I don’t look at Dad as I follow the doctor into the hall. He leads me through a locked entrance, past more closed doors, and into a room with beeping monitors and a bed blocked off by a hanging sheet. Everything’s teal and gray and worn with use and so impersonal. I can’t imagine Rian, my Rian, so alive and intense and incredible, lying in a place like this.

Dying here, alone.

I push it aside to find Rian lying in bed, hooked up to monitors, to bags, to needles and plastic lines. He’s in a hospital gown and covered by a thin, scratchy sheet. He’s awake, though barely. He tilts his head and smiles.

“Just a few minutes, Mrs.
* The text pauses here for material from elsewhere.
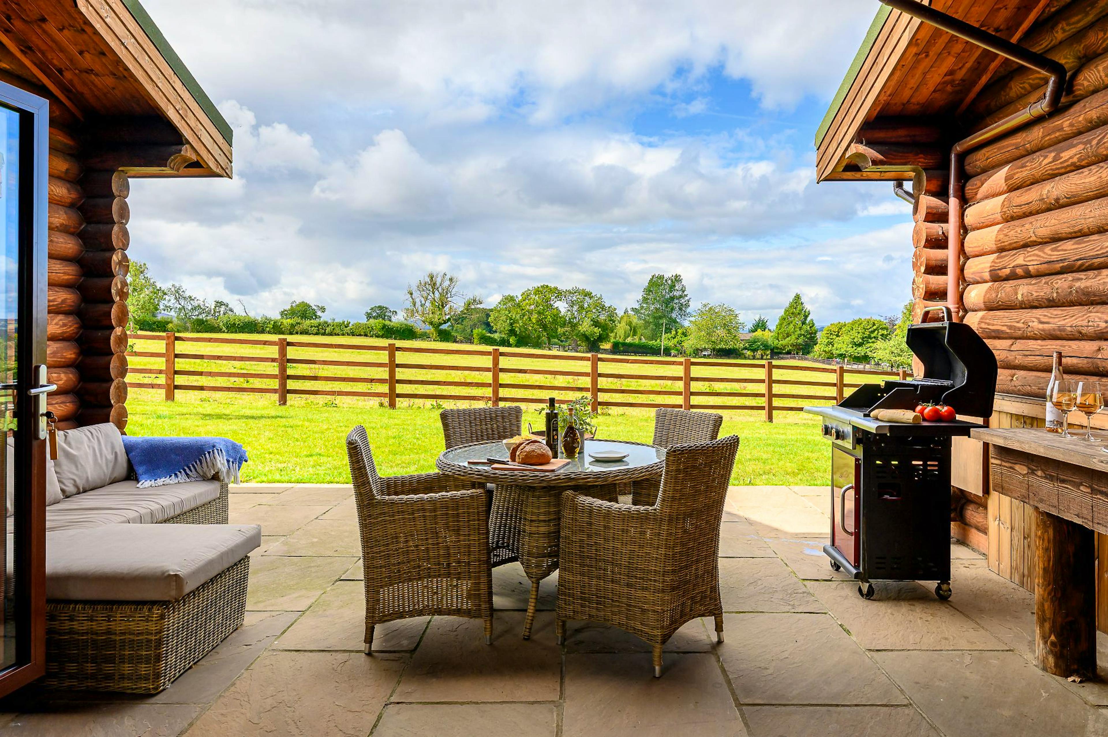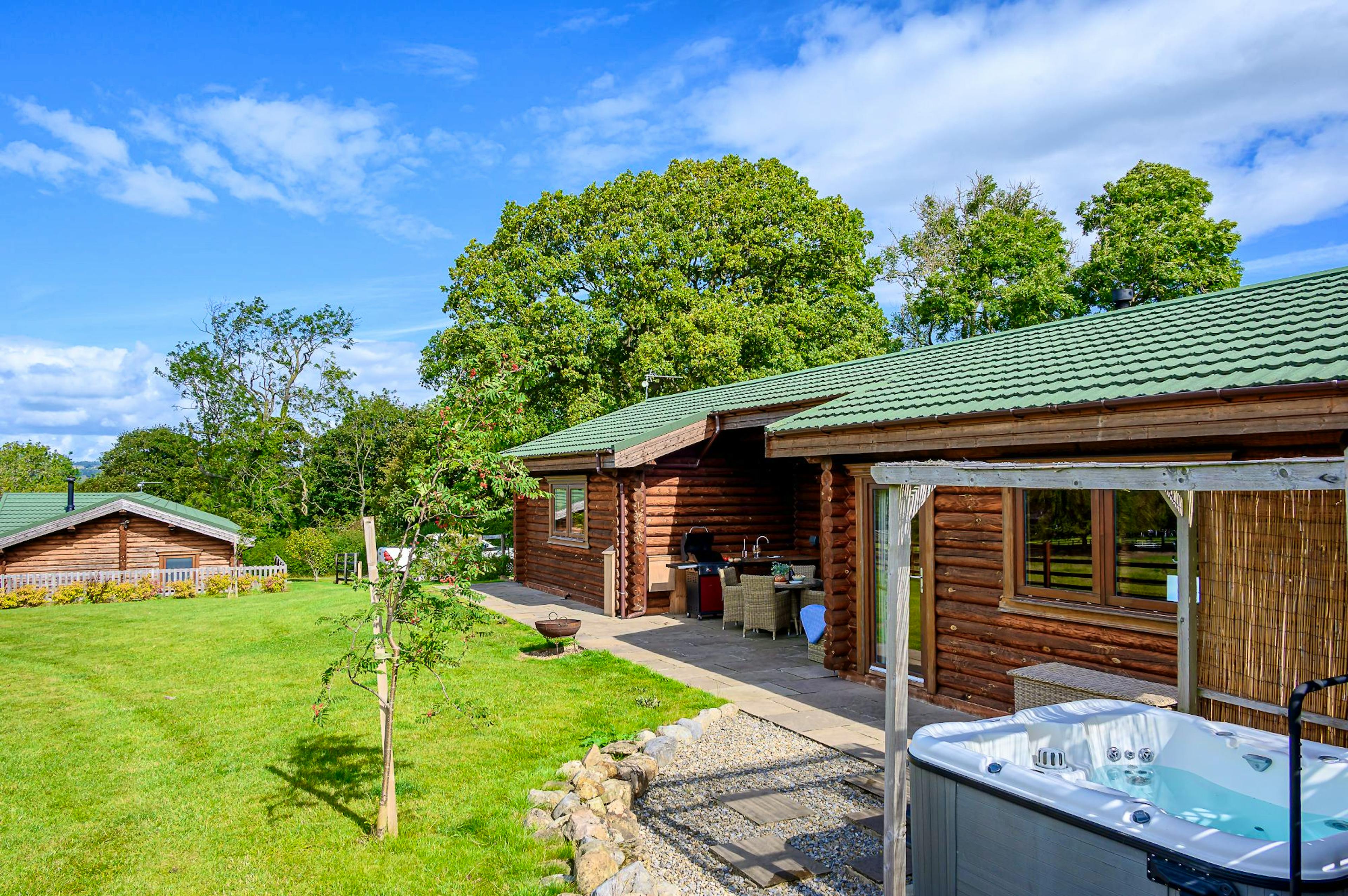 Outdoor amenities including covered hot tub, stone-flagged patio, rattan seating, gas BBQ and private garden ideal for dogs or peaceful al fresco moments.

Kane. Please, he needs rest,” the doctor says and disappears outside.

“I told him you’re my husband,” I say, smiling awkwardly, so happy to see him awake and looking at me as I step forward. “I shouldn’t have done that.”

“I’m happy you did.” His voice is a rasp.

I sink into the chair next to him and take his hand. He smiles at me, looking so weak but still so large, like he could crush the bed he’s stuck in.

“How do you feel?”

“Like I got shot and stabbed.”

“But you’ll live?”

He nods slowly, grinning. “Yeah, I’ll live. That’s what they tell me anyway. All thanks to Nolan getting me here so damn fast.”

I start crying then. The relief is intense and sudden, like plunging into an ice bath, and I can’t help myself. It’s a visceral reaction, but they’re tears of joy. I sob and hold his hand against my face, and he whispers gentle things, softly stroking my hair with his fingers. He’s the one on the edge of death, but he’s still doing his best to comfort me. He’s struggling and in pain, and I have to get myself together before I make this worse.